The authors recruited 47 mother-child pairs for this latest study. All the mothers had a documented history of major depressive disorder (MDD) beforehand, which is known to run in families. This allowed them the opportunity to identify a possible biomarker, or physical measurement, of depression risk among their children.
The authors, building on earlier research published in the Journal of Child Psychology and Psychiatry last year, keyed in on the children’s pupil responses when asked to view a variety of faces — faces that were either sad, angry, or happy. As they watched the faces, the children’s pupil dilation, or eye widening, was measured.
They were then followed up with and interviewed about their current mental state every six months for the next two years. These periodical examinations let the authors not only determine who among the children was showing signs of depression, but how long it took them to develop it.

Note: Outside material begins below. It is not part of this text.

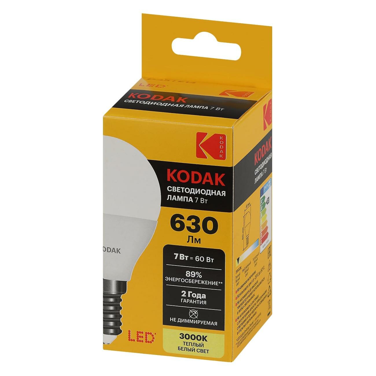 Лампочка светодиодная Kodak LED KODAK P45-7W-830-E14 7Вт шар теплый белый свет информация:

“Children exhibiting relatively greater pupil dilation to sad faces experienced elevated trajectories of depressive symptoms across the follow-up as well as a shorter time to depression onset,” the authors concluded. “The current findings suggest that physiological reactivity to sad stimuli, assessed using pupillometry, serves as a potential biomarker of depression risk among children of depressed mothers.”

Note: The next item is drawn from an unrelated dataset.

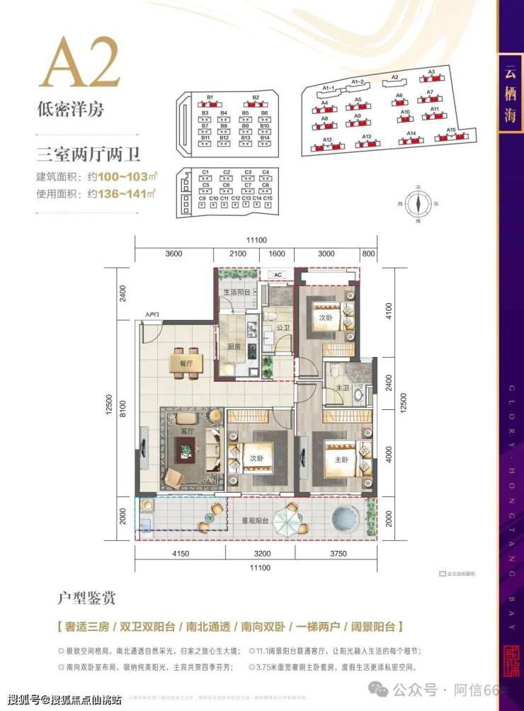 2、A2 100平米三房两卫,使用面积136-141平米

Interestingly enough, there was no such relationship to depressive symptoms seen when the children looked at happy or angry faces.As aforementioned, these latest findings validate an earlier study of 117 children between the ages of 8 to 14 that several of the authors published last September.

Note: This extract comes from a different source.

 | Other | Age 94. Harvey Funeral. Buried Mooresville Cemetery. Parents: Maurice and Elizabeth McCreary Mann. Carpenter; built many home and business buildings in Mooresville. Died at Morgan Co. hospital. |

Though the previous study did not include a lengthy follow-up process and studied a random sample of children recruited from the larger community, it also found a pattern of wider eye dilation among the children of mothers with a history of MDD in the presence of a sad face. (A similar effect was seen in children who had anxious mothers, but in response to angry, not sad, faces).
At the time, they concluded that their findings added to the “growing body of research suggesting that differences in physiological reactivity to depression- and anxiety-relevant cues may represent an important mechanism in the intergenerational transmission of MDD and anxiety.”Though there remains much work to figure out the degree to which a child’s eye dilation can be reliably graphed to their depression risk, the authors are hopeful about the practical applications their results may someday point to, especially because of the test’s low cost and ease in performing.
“We think this line of research could eventually lead to universal screenings in pediatricians’ offices to assess future depression risk in kids,” said study author Brandon Gibb, professor of psychology at Binghamton University and director of the Mood Disorders Institute and Center for Affective Science, in a statement.